◆ **INSTRUCTIONS FOR THE TASK**: The lines to retype run from the one containing "Ich durchquere auch" through the end of the listing below. Reproduce them exactly, leaving out pictures.

◆ **SUPPLIED ENTRIES**:
━━━━━━━━━━━━━━━━
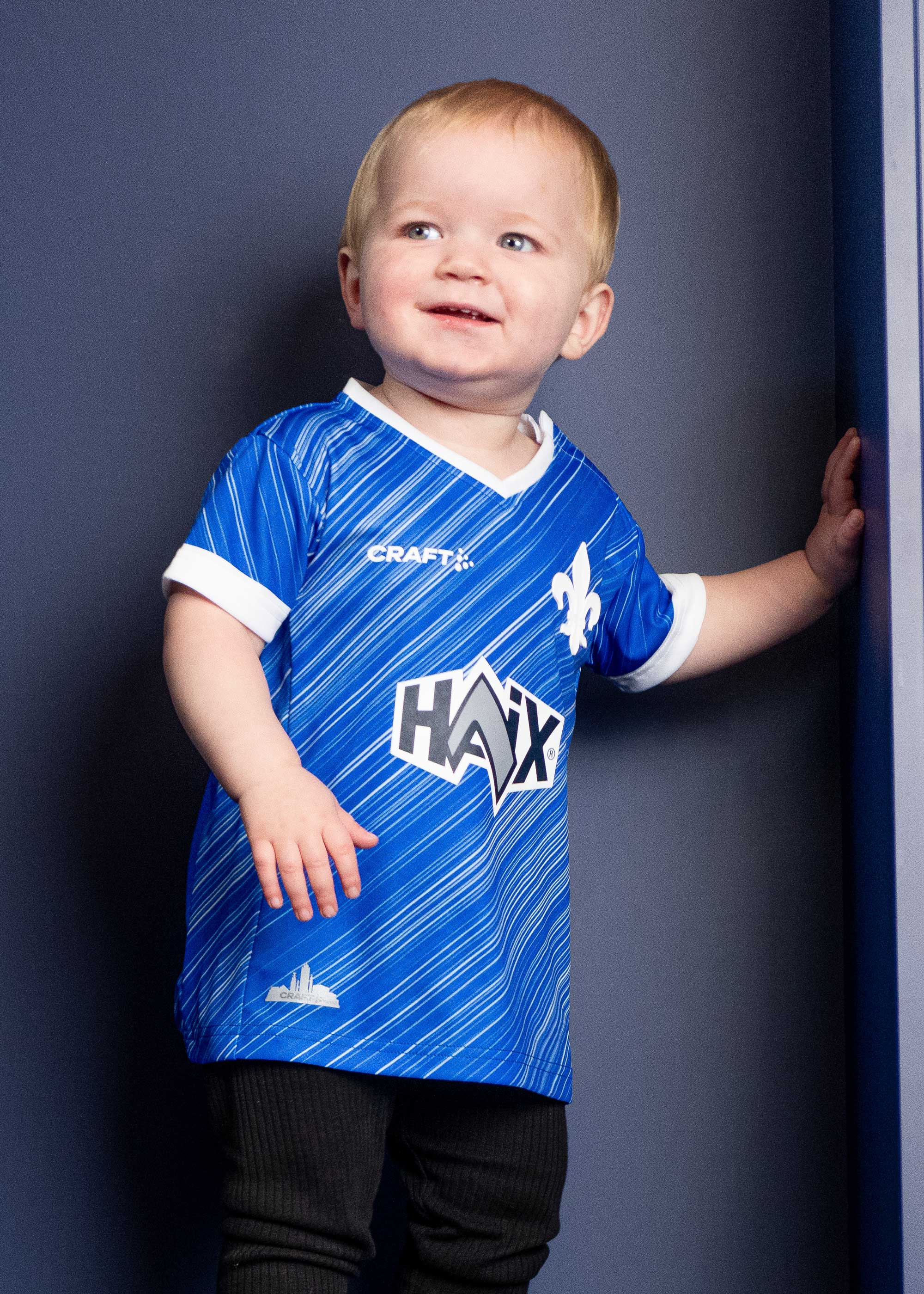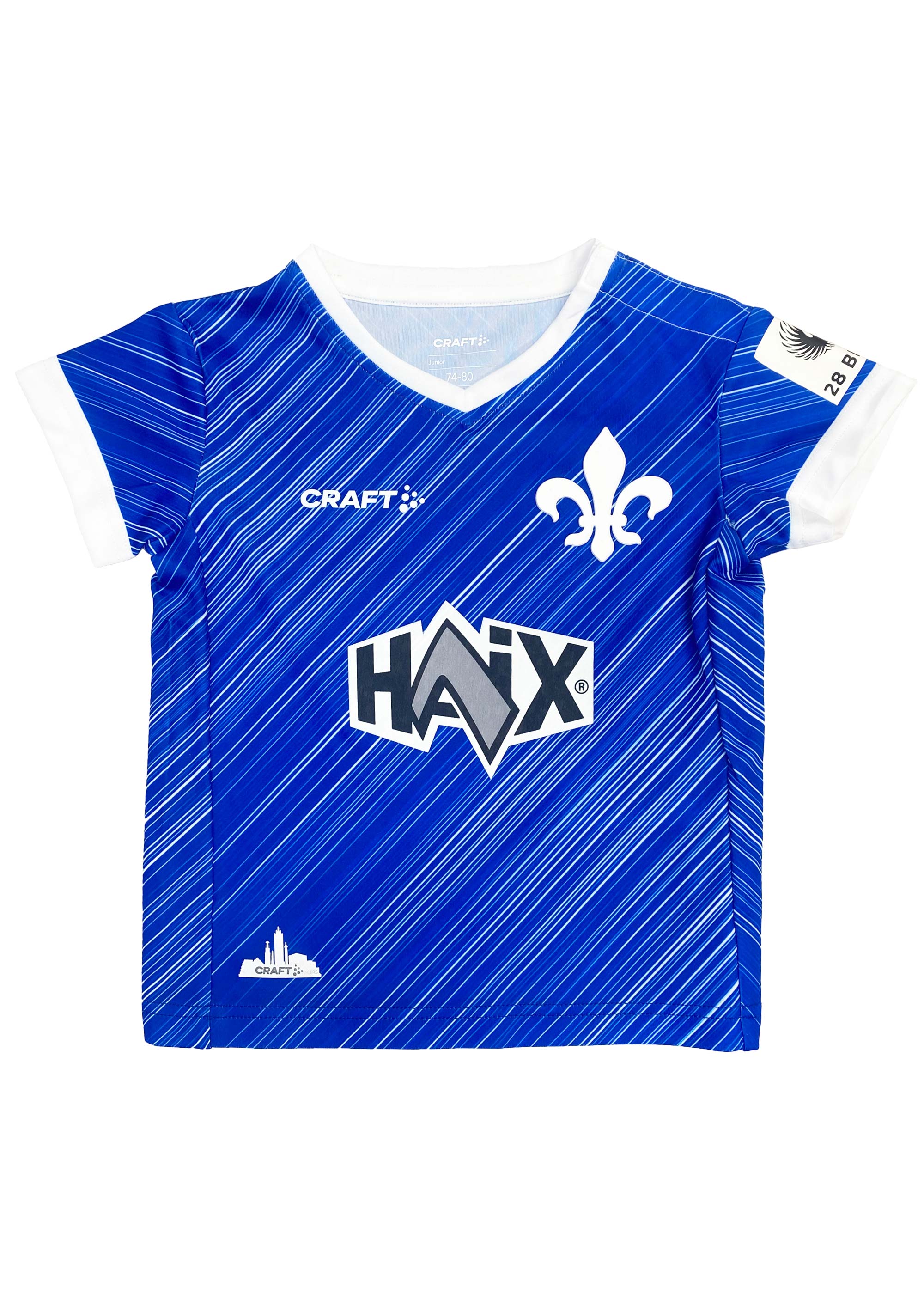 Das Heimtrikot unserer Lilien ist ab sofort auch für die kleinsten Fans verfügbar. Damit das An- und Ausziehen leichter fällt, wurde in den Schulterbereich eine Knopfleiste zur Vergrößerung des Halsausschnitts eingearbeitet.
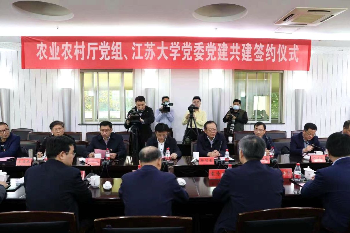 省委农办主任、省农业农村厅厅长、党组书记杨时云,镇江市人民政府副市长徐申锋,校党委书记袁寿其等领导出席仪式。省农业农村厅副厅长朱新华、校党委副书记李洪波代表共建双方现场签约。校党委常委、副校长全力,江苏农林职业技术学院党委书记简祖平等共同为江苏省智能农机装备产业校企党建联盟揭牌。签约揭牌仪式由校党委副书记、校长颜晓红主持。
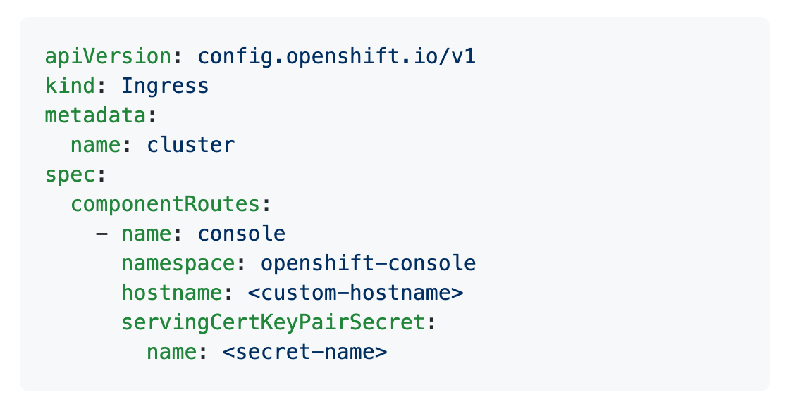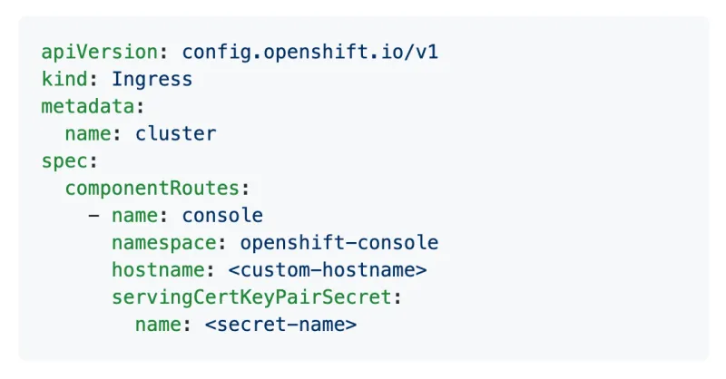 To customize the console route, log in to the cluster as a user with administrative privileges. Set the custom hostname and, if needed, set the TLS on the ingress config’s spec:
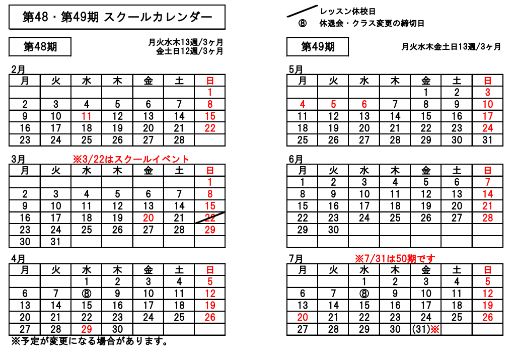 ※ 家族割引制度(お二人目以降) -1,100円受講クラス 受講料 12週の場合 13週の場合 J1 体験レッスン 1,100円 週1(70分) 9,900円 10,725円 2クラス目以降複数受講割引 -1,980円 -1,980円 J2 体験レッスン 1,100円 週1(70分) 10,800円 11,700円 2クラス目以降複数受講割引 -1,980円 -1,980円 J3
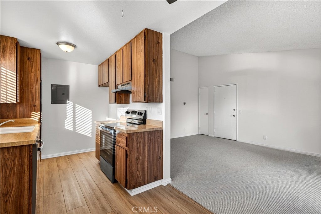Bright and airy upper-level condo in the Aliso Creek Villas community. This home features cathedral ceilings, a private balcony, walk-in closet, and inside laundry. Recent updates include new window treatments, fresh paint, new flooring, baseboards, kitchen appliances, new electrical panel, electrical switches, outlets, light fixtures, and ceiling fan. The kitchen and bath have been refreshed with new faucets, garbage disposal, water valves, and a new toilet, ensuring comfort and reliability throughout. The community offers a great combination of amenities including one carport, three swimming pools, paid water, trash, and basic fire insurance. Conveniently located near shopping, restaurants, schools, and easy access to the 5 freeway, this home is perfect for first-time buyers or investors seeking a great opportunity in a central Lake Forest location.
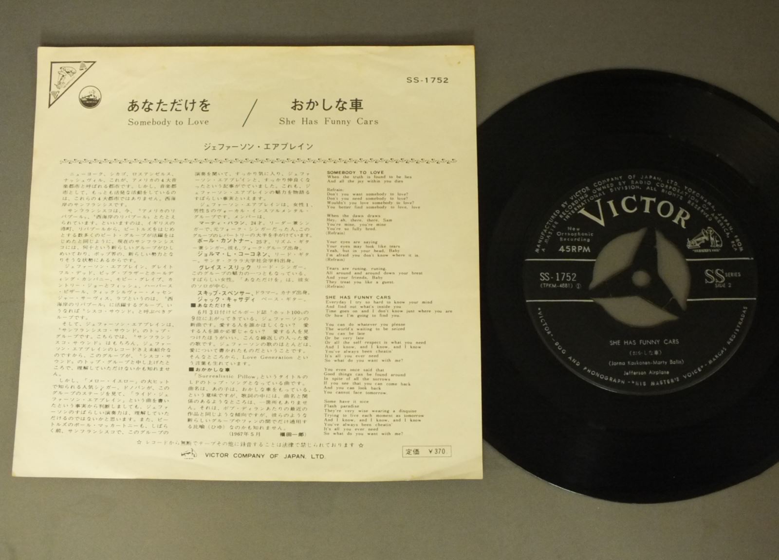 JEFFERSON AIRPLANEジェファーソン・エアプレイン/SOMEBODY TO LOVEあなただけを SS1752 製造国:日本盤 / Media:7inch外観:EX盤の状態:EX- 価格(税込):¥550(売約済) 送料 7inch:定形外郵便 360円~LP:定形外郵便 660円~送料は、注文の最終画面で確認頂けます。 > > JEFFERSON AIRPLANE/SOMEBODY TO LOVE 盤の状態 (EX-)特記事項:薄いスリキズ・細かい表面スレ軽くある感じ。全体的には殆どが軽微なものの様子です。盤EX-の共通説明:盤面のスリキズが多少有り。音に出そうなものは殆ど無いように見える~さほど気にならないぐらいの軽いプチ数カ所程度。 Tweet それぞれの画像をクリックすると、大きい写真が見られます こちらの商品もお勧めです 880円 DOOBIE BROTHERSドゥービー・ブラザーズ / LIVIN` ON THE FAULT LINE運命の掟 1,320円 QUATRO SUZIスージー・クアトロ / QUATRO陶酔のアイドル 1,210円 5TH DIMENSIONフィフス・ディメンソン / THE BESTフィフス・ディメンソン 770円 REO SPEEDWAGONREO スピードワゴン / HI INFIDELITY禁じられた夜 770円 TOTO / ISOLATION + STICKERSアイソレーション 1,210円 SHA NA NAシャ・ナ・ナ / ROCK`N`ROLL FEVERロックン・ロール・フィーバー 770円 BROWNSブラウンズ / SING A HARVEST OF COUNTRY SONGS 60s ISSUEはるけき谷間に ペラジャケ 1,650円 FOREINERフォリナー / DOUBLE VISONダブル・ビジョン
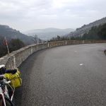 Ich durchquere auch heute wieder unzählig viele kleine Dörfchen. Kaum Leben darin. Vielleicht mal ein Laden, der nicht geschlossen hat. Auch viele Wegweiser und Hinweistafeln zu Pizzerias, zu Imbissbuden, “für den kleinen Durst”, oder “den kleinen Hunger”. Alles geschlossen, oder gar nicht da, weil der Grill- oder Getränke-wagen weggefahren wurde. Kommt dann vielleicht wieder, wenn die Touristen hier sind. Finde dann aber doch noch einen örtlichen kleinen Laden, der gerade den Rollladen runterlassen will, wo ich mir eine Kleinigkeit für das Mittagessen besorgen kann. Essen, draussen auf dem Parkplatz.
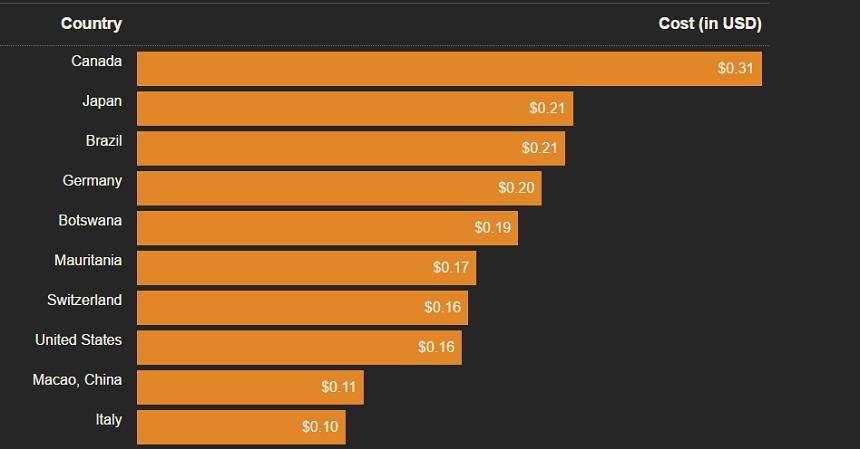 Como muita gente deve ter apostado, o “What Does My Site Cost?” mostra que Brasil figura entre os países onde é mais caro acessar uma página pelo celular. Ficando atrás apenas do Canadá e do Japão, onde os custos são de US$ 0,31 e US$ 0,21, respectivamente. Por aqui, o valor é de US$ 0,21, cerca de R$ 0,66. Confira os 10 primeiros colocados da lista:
━━━━━━━━━━━━━━━━
◆ **RESPONSE TO THE TASK**:
 Ich durchquere auch heute wieder unzählig viele kleine Dörfchen. Kaum Leben darin. Vielleicht mal ein Laden, der nicht geschlossen hat. Auch viele Wegweiser und Hinweistafeln zu Pizzerias, zu Imbissbuden, “für den kleinen Durst”, oder “den kleinen Hunger”. Alles geschlossen, oder gar nicht da, weil der Grill- oder Getränke-wagen weggefahren wurde. Kommt dann vielleicht wieder, wenn die Touristen hier sind. Finde dann aber doch noch einen örtlichen kleinen Laden, der gerade den Rollladen runterlassen will, wo ich mir eine Kleinigkeit für das Mittagessen besorgen kann. Essen, draussen auf dem Parkplatz.
 Como muita gente deve ter apostado, o “What Does My Site Cost?” mostra que Brasil figura entre os países onde é mais caro acessar uma página pelo celular. Ficando atrás apenas do Canadá e do Japão, onde os custos são de US$ 0,31 e US$ 0,21, respectivamente. Por aqui, o valor é de US$ 0,21, cerca de R$ 0,66. Confira os 10 primeiros colocados da lista:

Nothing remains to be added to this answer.